Publication ,  Journal Article
Fagundes, A; Berg, DD; Park, J-G; Baird-Zars, VM; Newby, LK; Barsness, GW; Miller, PE; van Diepen, S; Katz, JN; Phreaner, N; Roswell, RO ...
Published in: Circ Cardiovasc Qual Outcomes
August 2022

BACKGROUND: With the improvement in outcomes for acute coronary syndrome (ACS), the practice of routine admission to cardiac intensive care units (CICUs) is evolving. We aimed to describe the epidemiology of patients with ACS admitted to contemporary CICUs. METHODS: Using the CCCTN (Critical Care Cardiology Trials Network) Registry for consecutive medical CICU admissions across 26 advanced CICUs in North America between 2017 and 2020, we identified patients with a primary diagnosis of ACS at CICU admission and compared patient characteristics, resource utilization, and outcomes to patients admitted with a non-ACS diagnosis and across sub-populations of patients with ACS, including by indication for CICU admission. RESULTS: Of 10 118 CICU admissions, 29.4% (n=2978) were for a primary diagnosis of ACS, with significant interhospital variability (range, 13.4%-56.6%). Compared with patients admitted with a diagnosis other than ACS, patients with ACS had fewer comorbidities, lower acute severity of illness with less utilization of advanced CICU therapies (41.3% versus 66.1%, P<0.0001), and lower CICU mortality (5.4% versus 9.9%, P<0.0001). Monitoring alone, without another CICU indication at the time of admission, was the most frequent admission indication in patients with ACS (53.8%); less common indications in patients with ACS included respiratory insufficiency, shock, or the need for vasoactive therapy. Of patients with ACS admitted for monitoring alone, 94.8% did not subsequently require advanced intensive care unit therapies and had a low CICU length of stay (1.5 days [0.9-2.4] versus 2.6 [1.4-5.1], P<0.0001) and CICU mortality (0.6% versus 11.0%, P<0.0001), compared with patients with ACS with an admission indication beyond monitoring.
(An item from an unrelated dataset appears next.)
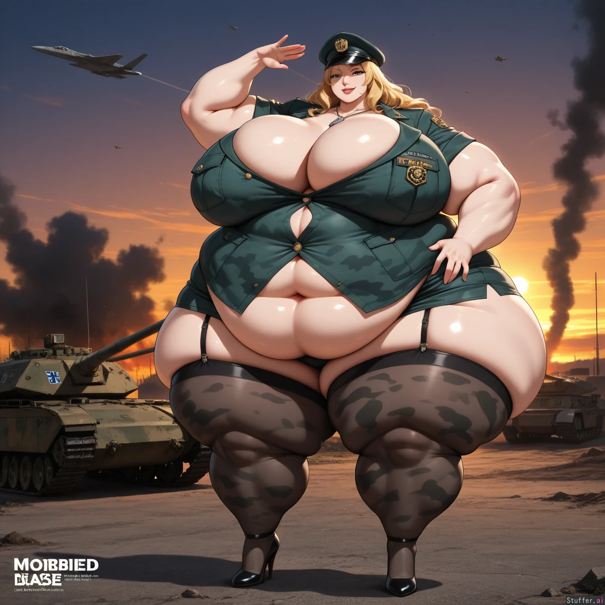 1girl, solo, bimbo, curvy, huge_breasts, cleavage, narrow_waist, thick_thighs, blonde_hair, long_hair, heavy_makeup, glossy_lips, seductive_smile, looking_at_viewer, military_personification, military_uniform, unbuttoned_uniform, camouflage, short_skirt, thighhighs, garter_straps, high_heels, dog_tags, officer_cap, medals, saluting, confident_pose, battlefield, military_base, tanks, fighter_jets, explosions, smoke, waving_flag, sunset, dramatic_lighting, detailed_background, anime_style, highres (Fat Arms:1.2), (gigantic_thighs,:1.2), (tall female:1.0), (huge breasts:1.0), (gigantic_belly:1.0), (enormous wide hips:1.0), (morbidly_obese_girl, curvy, plump,:1.4), (big muscles:0.999), (muscular arms:0.999), (muscular legs:0.999), (full_body:1.2), detailed background, skindentation, indoors, (revealing_clothes:1.2)

CONCLUSIONS: In a registry of tertiary care CICUs, ACS represent ≈1/3 of all admissions with significant variability across hospitals. More than half of the ACS admissions to the CICU were for routine monitoring alone, with a low rate of complications and mortality. This observation highlights an opportunity for prospective studies to refine triage strategies for lower risk patients with ACS.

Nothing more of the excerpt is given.